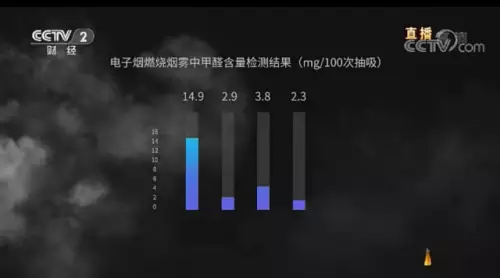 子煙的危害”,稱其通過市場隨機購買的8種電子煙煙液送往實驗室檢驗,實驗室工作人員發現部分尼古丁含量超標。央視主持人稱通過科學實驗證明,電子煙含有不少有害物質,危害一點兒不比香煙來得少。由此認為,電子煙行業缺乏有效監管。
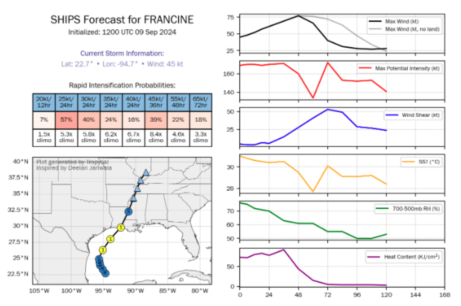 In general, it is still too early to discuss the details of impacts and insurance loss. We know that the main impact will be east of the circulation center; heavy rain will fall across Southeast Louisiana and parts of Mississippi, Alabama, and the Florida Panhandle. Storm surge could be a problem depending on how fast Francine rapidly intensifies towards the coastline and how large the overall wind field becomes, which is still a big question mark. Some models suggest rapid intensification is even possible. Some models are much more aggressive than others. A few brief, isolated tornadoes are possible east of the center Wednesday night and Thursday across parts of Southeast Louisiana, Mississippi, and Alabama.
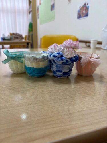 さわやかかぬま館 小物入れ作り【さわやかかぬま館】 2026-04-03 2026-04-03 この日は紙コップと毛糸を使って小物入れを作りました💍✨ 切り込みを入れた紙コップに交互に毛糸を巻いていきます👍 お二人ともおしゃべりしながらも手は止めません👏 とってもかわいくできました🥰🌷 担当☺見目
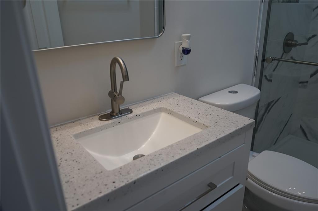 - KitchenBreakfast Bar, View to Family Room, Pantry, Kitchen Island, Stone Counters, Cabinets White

> **BRIEF**:
Your task is to return the lines above, from the first one up to and including the line containing "さわやかかぬま館 小物入れ作り【さわやかかぬま館】 2026-04-03", minus any pictures.

> **REPLY TO THE EXERCISE**:
 子煙的危害”,稱其通過市場隨機購買的8種電子煙煙液送往實驗室檢驗,實驗室工作人員發現部分尼古丁含量超標。央視主持人稱通過科學實驗證明,電子煙含有不少有害物質,危害一點兒不比香煙來得少。由此認為,電子煙行業缺乏有效監管。
 In general, it is still too early to discuss the details of impacts and insurance loss. We know that the main impact will be east of the circulation center; heavy rain will fall across Southeast Louisiana and parts of Mississippi, Alabama, and the Florida Panhandle. Storm surge could be a problem depending on how fast Francine rapidly intensifies towards the coastline and how large the overall wind field becomes, which is still a big question mark. Some models suggest rapid intensification is even possible. Some models are much more aggressive than others. A few brief, isolated tornadoes are possible east of the center Wednesday night and Thursday across parts of Southeast Louisiana, Mississippi, and Alabama.
 さわやかかぬま館 小物入れ作り【さわやかかぬま館】 2026-04-03 2026-04-03 この日は紙コップと毛糸を使って小物入れを作りました💍✨ 切り込みを入れた紙コップに交互に毛糸を巻いていきます👍 お二人ともおしゃべりしながらも手は止めません👏 とってもかわいくできました🥰🌷 担当☺見目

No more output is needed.